NOT FOR PUBLICATION                           FILED
                    UNITED STATES COURT OF APPEALS                        APR 8 2021
                                                                      MOLLY C. DWYER, CLERK
                                                                       U.S. COURT OF APPEALS
                           FOR THE NINTH CIRCUIT

SAN JOAQUIN COUNTY EMPLOYEES'                   No.    20-15053
RETIREMENT ASSOCIATION,
                                                D.C. No.
                Plaintiff-Appellant,            2:18-cv-02042-JAM-CKD

 v.
                                                MEMORANDUM*
TRAVELERS CASUALTY AND SURETY
COMPANY OF AMERICA,

                Defendant-Appellee.

                   Appeal from the United States District Court
                       for the Eastern District of California
                    John A. Mendez, District Judge, Presiding

                       Argued and Submitted March 2, 2021
                            San Francisco, California

Before: BALDOCK,** WARDLAW, and BERZON, Circuit Judges.

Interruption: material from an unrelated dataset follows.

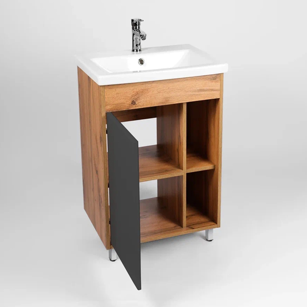 Напольная тумба-умывальник Виант Бостон 60 с одной створкой и полками открытого хранения - укомплектована керамической раковиной Cersanit Como 60.
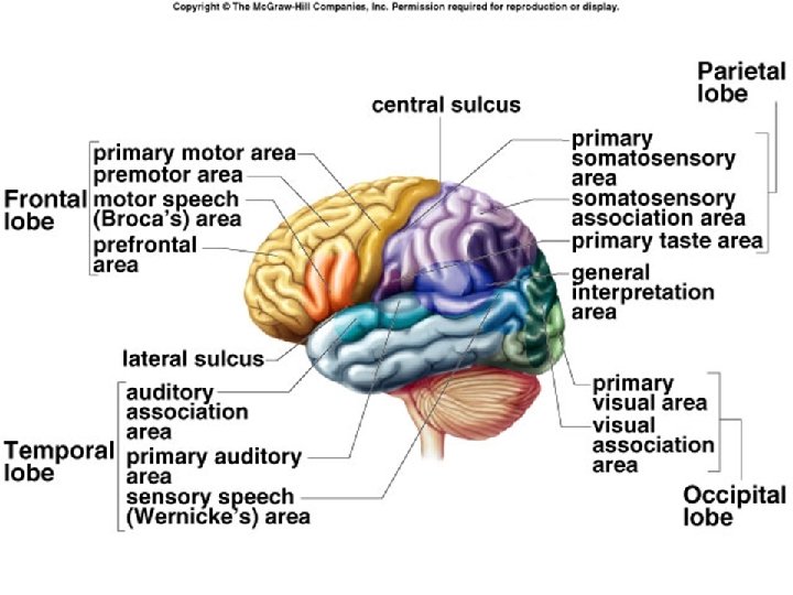 Frontal Lobe Structure • The frontal lobe is the largest lobe of the brain and makes up about a third of the surface area of each hemisphere. On the lateral surface of each hemisphere, the central sulcus separates the frontal lobe from the parietal lobe. The lateral sulcus separates the frontal lobe from the temporal lobe. • Some of the areas include: primary motor cortex, premotor cortex, Broca’s area, medial cortex & prefrontal cortex

      San Joaquin County Employees’ Retirement Association (“SJCERA”)

appeals the district court’s order granting summary judgment to Travelers Casualty

and Surety Company of America (“Travelers”) on SJCERA’s claims for breach of

      *
             This disposition is not appropriate for publication and is not precedent
except as provided by Ninth Circuit Rule 36-3.
      **
            The Honorable Bobby R. Baldock, United States Circuit Judge for the
U.S. Court of Appeals for the Tenth Circuit, sitting by designation.
contract, breach of good faith and fair dealing, and declaratory relief. SJCERA’s

claims arise out of Travelers’ denial of coverage under the duty-to-defend clause in

SCJERA’s fiduciary liability insurance policy. We reverse.

      1. The policy’s Prior and Pending Proceeding Exclusion does not preclude

coverage of SJCERA’s defense in the underlying case, Allum v. San Joaquin Cty.

Employees’ Ret. Ass’n, No. STK-CV-UBC-2017-10696 (Cal. Super. Ct. filed Oct.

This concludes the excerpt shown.